- ACTIVITY -
Under this line are records; the part from the line containing "base64 -d <<<" through the line containing "Moderno conjunto de" should be repeated exactly. Please exclude pictures.

- DATA TO USE -
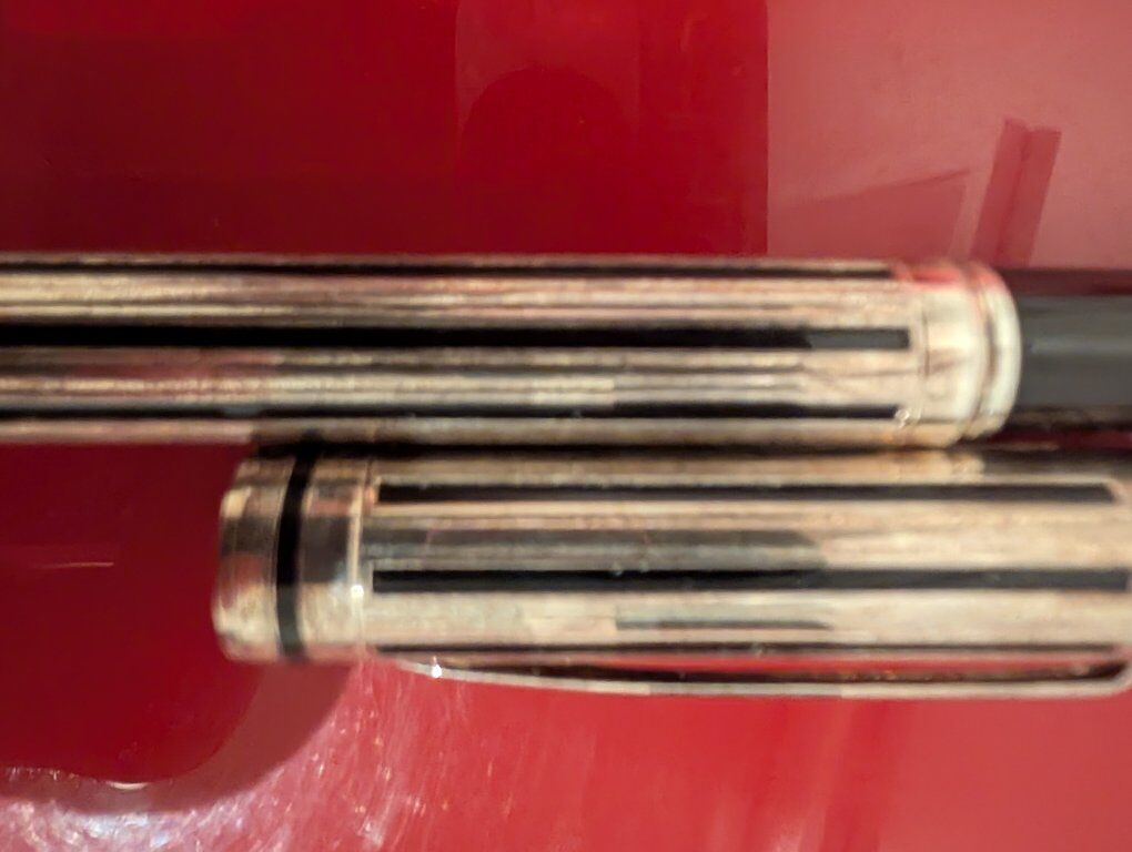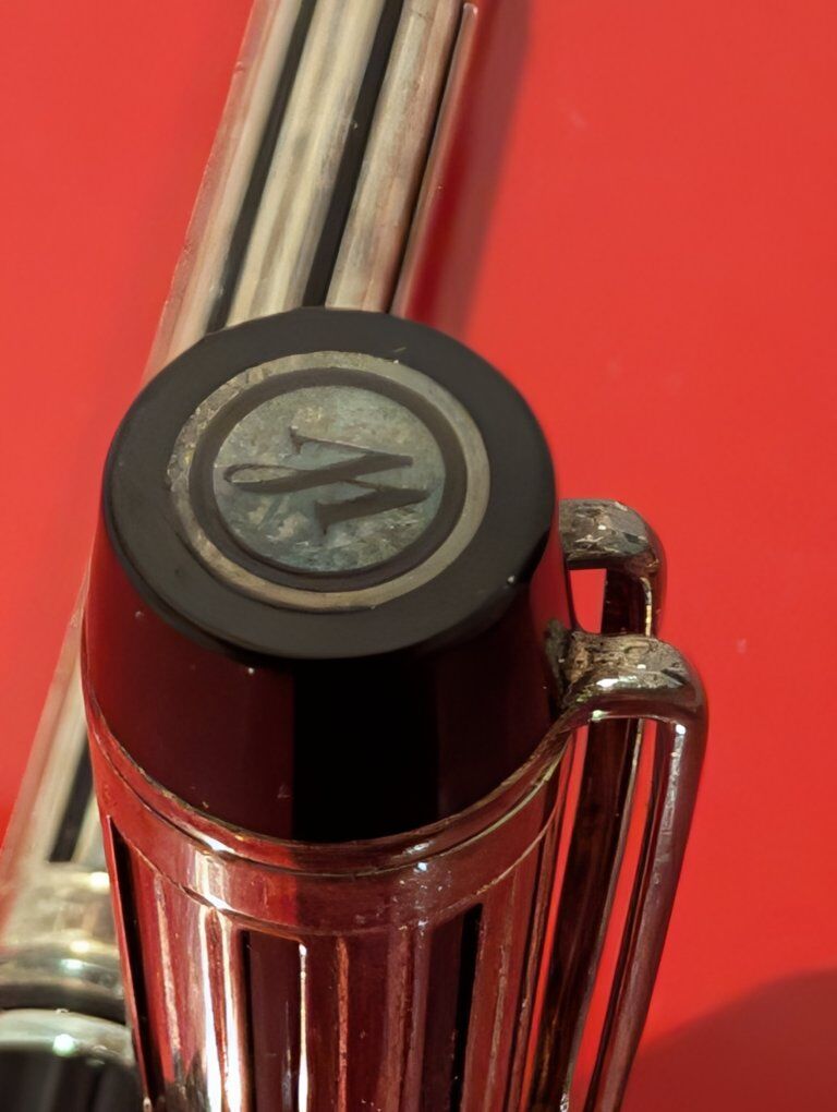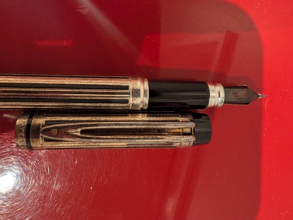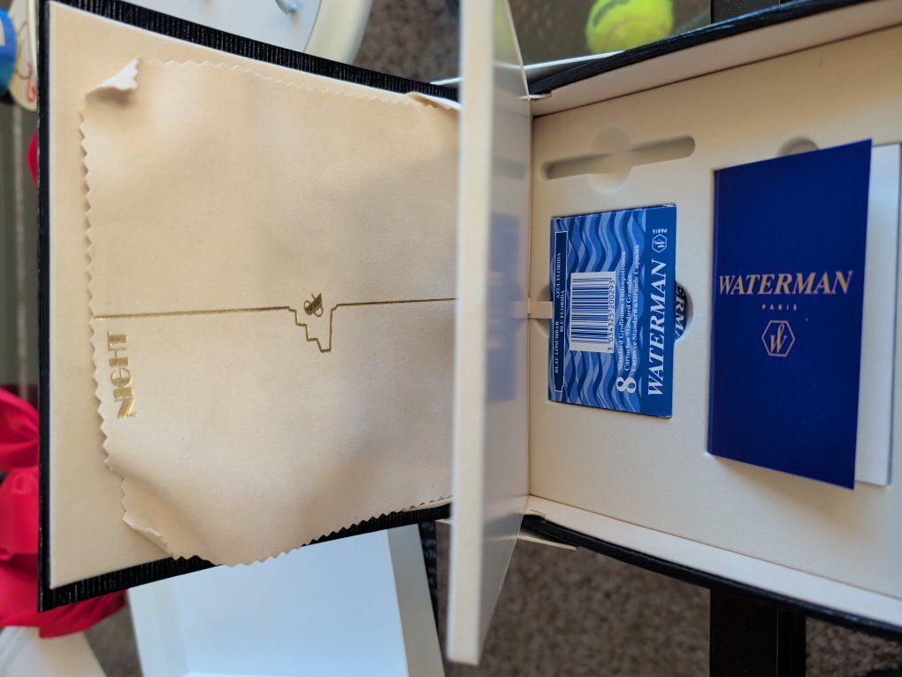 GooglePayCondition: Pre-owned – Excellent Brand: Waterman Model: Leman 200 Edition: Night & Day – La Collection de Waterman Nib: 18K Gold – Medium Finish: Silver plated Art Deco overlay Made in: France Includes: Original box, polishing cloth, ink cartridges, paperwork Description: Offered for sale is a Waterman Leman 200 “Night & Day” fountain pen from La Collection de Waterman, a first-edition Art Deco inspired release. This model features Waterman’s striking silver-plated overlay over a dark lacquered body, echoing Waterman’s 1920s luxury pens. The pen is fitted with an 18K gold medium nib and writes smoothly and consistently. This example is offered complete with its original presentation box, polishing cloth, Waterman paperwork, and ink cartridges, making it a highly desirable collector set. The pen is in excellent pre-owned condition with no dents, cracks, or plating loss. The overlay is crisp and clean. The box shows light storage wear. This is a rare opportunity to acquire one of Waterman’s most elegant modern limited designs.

...

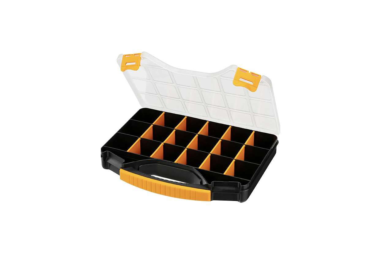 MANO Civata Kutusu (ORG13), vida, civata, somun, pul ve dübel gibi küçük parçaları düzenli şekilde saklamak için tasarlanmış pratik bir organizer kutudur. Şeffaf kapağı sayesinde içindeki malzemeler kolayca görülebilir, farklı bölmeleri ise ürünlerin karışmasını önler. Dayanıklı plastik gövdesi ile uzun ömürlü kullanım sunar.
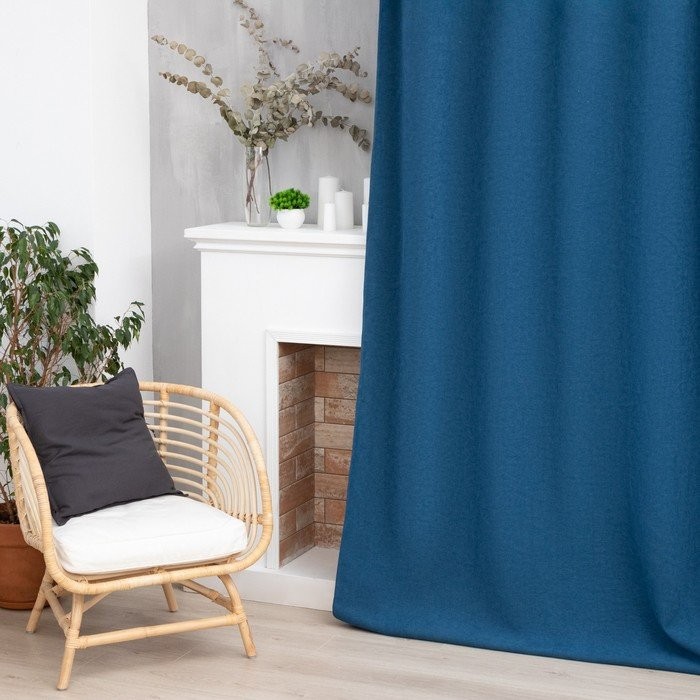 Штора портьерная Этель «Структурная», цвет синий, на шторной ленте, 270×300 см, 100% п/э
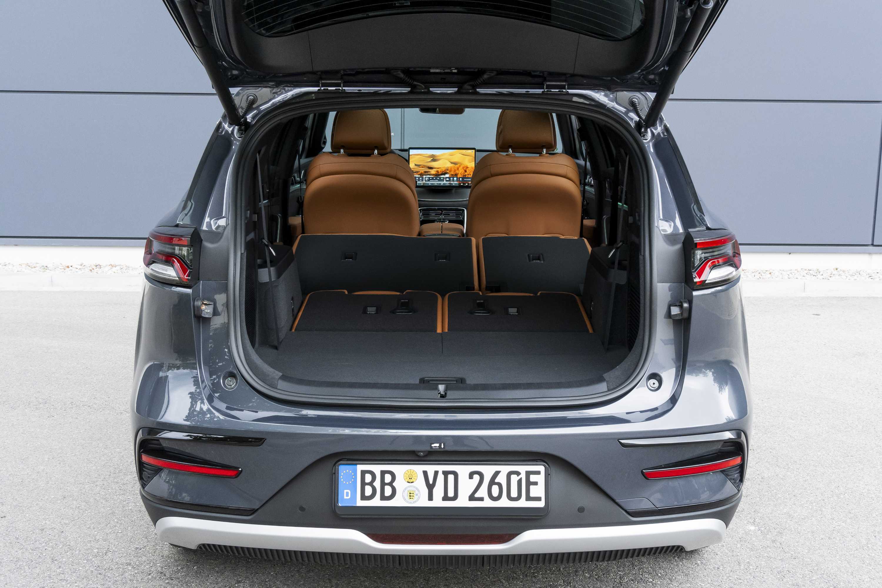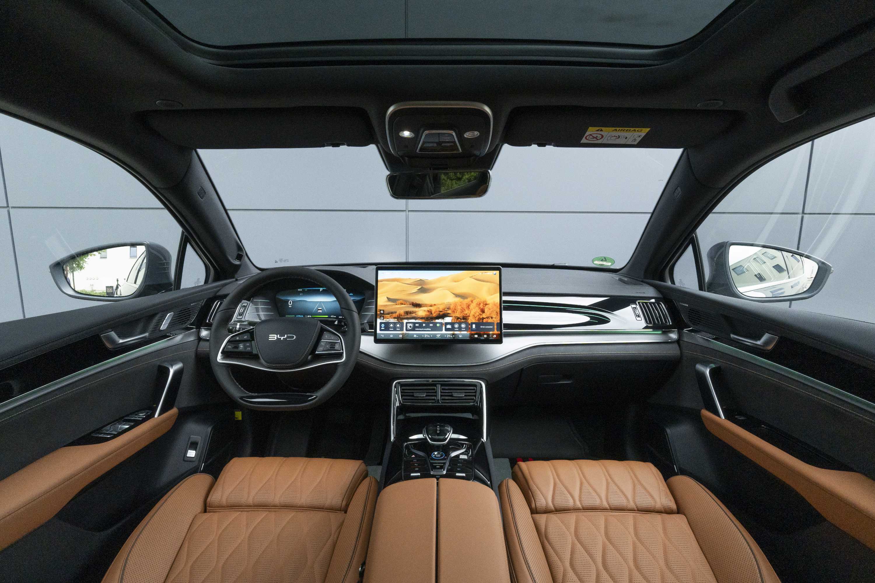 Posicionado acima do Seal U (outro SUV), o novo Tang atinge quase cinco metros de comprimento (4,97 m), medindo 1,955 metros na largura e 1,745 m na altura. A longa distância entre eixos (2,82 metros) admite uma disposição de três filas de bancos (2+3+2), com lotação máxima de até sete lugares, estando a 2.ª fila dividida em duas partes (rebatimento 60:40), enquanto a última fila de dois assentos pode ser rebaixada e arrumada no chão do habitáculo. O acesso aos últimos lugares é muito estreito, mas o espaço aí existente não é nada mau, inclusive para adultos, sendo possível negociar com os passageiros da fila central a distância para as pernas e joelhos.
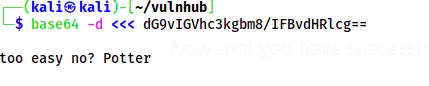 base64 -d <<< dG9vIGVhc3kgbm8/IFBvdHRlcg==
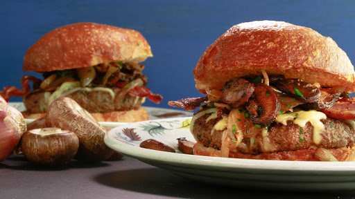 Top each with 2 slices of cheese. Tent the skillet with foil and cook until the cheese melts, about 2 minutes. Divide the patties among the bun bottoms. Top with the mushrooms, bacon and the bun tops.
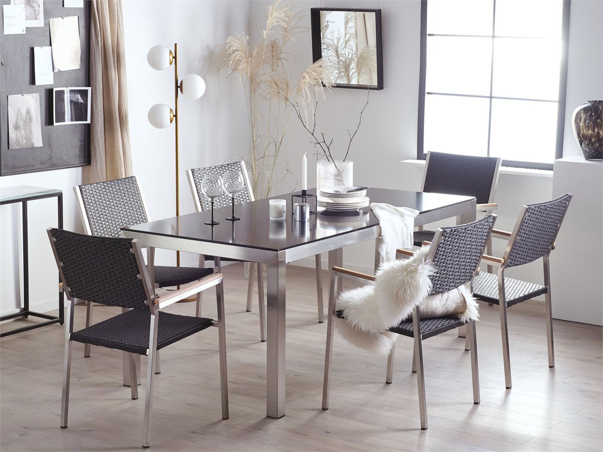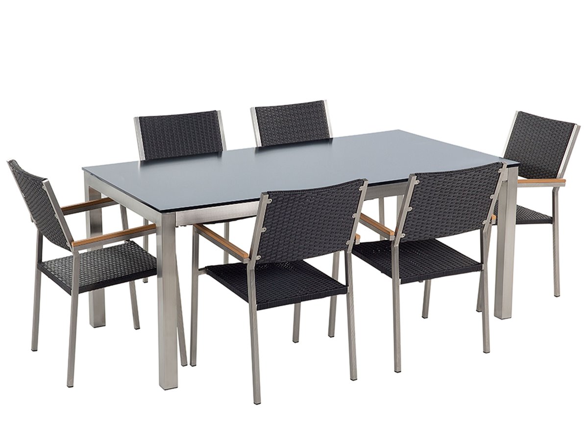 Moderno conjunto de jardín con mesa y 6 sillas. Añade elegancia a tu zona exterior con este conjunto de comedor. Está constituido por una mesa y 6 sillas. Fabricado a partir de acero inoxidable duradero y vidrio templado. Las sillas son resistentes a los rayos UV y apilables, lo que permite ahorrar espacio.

- RESPONSE AREA -
 base64 -d <<< dG9vIGVhc3kgbm8/IFBvdHRlcg==
 Top each with 2 slices of cheese. Tent the skillet with foil and cook until the cheese melts, about 2 minutes. Divide the patties among the bun bottoms. Top with the mushrooms, bacon and the bun tops.
 Moderno conjunto de jardín con mesa y 6 sillas. Añade elegancia a tu zona exterior con este conjunto de comedor. Está constituido por una mesa y 6 sillas. Fabricado a partir de acero inoxidable duradero y vidrio templado. Las sillas son resistentes a los rayos UV y apilables, lo que permite ahorrar espacio.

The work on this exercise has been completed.